A root cause analysis may uncover inefficiencies in application design. In these situations, you can try to rework the affected elements and deploy them as part of a later release. This process requires careful control, and you should monitor the updated components closely.
Requirements for tracing and debugging
For tracing unexpected events and other problems, consider the following requirements:
- Monitoring data must provide enough information to enable an analyst to trace the origin of an issue and reconstruct the sequence of events that lead up to the issue.
- Data must be sufficient for the analyst to identify a root cause.
- A root cause enables the developer to make the necessary changes to prevent the issue from recurring.
Requirements for data collection
Troubleshooting involves the following data collection requirements:
- Trace all methods and their parameters used in an operation to create a model that shows the logical flow through the system when a customer makes a specific request.
- Capture and log exceptions, and warnings that the system generates because of this flow.

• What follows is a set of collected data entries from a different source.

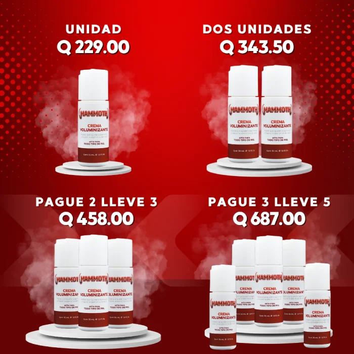 MAMMOTH es una fórmula avanzada diseñada para aumentar el volumen y la firmeza de diferentes áreas del cuerpo como glúteos, senos y zona íntima masculina, brindando resultados seguros, naturales y progresivos. Su combinación de ingredientes activos ayuda a mejorar la apariencia, tonificar la piel y elevar la confianza de forma no invasiva.
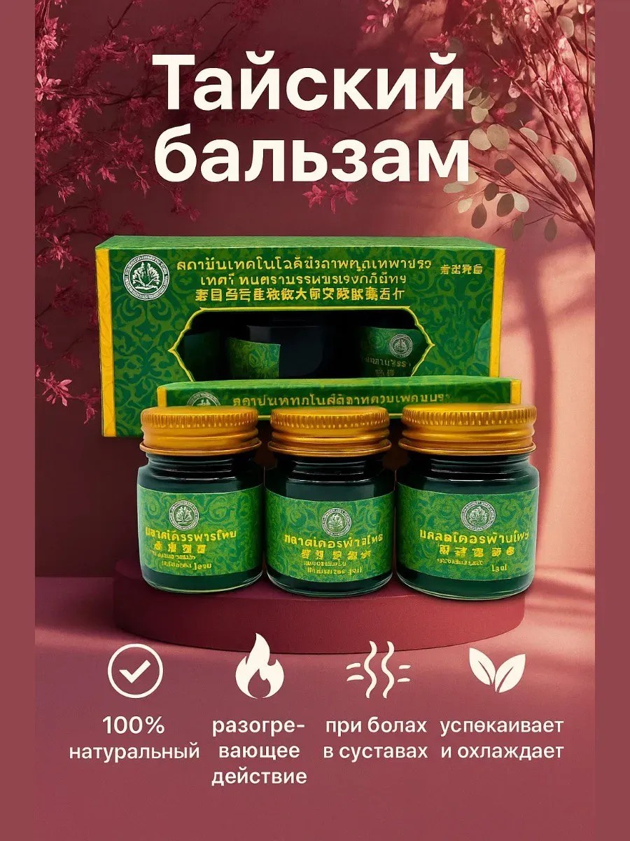 Тайский бальзам в баночках 15 мл 3 штуки в упаковке – это универсальное средство для ухода и поддержания здоровья кожи и мышц, созданное на основе традиционных восточных рецептов. Благодаря натуральным компонентам, он быстро впитывается, не оставляя жирного блеска, и оказывает выраженное разогревающее и расслабляющее действие. Такой бальзам идеально подходит для массажа, облегчения дискомфорта в мышцах и суставах после физических нагрузок, а также для профилактики переохлаждения в холодное время года. Компактная стеклянная баночка объёмом 15 мл удобна в использовании и хранении, её легко брать с собой в дорогу или на работу. Аромат эфирных масел оказывает мягкое успокаивающее воздействие, помогая снять усталость и напряжение. При регулярном применении бальзам улучшает микроциркуляцию, способствует быстрому восстановлению тканей и повышает эластичность кожи. Он подходит для точечного нанесения на проблемные зоны, в том числе на виски или переносицу при головной боли, а также для массажа стоп, спины и плеч. Средство можно использовать спортсменам, офисным работникам и людям, ведущим активный образ жизни, чтобы быстро снять усталость и вернуть лёгкость движений. Натуральный состав на основе растительных экстрактов делает бальзам безопасным для регулярного применения, а плотная крышка надёжно защищает содержимое от высыхания и утраты свойств. Это практичный и эффективный помощник в домашней аптечке, который объединяет целебные свойства природных масел и проверенные временем традиции восточной медицины, обеспечивая комфорт и заботу о вашем теле в любой ситуации.Содержит экстракты и масла из растений, таких как мята перечная, эвкалипт, гвоздичное масло, камфора, борнеол, метилсалицилат, салициловая кислота и другие натуральные компоненты.Показания к применению:
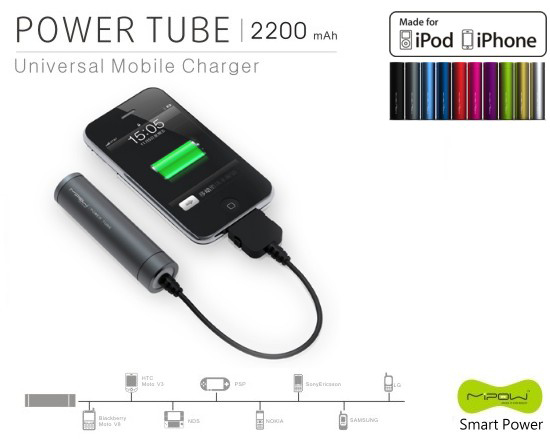 Power Tube 2200操作起來簡易快捷,只需將配備的電源線連接對應的適配插頭,即可進行充電。隨機提供多種USB接頭,可為不同的行動終端產品充電包括iPod / iPhone / Blackberry / HTC / Motorola / LG / Sony Ericsson / Samsung / PSP / NOKIA / Nintendo DSL / DSi / 3DS / PSP。(不支援iPad)

To support debugging, the system should provide the following data:
- Hooks that enable you to capture
stateinformation at critical points in the system. - Step-by-step information as selected operations continue.
Note
Capturing detailed data can cause extra load on the system and should be a temporary process. Only capture detailed data when an unusual series of events occur, which are difficult to replicate. Alternately, only capture detailed data when you're monitoring a new release to ensure that new elements in the system function as expected.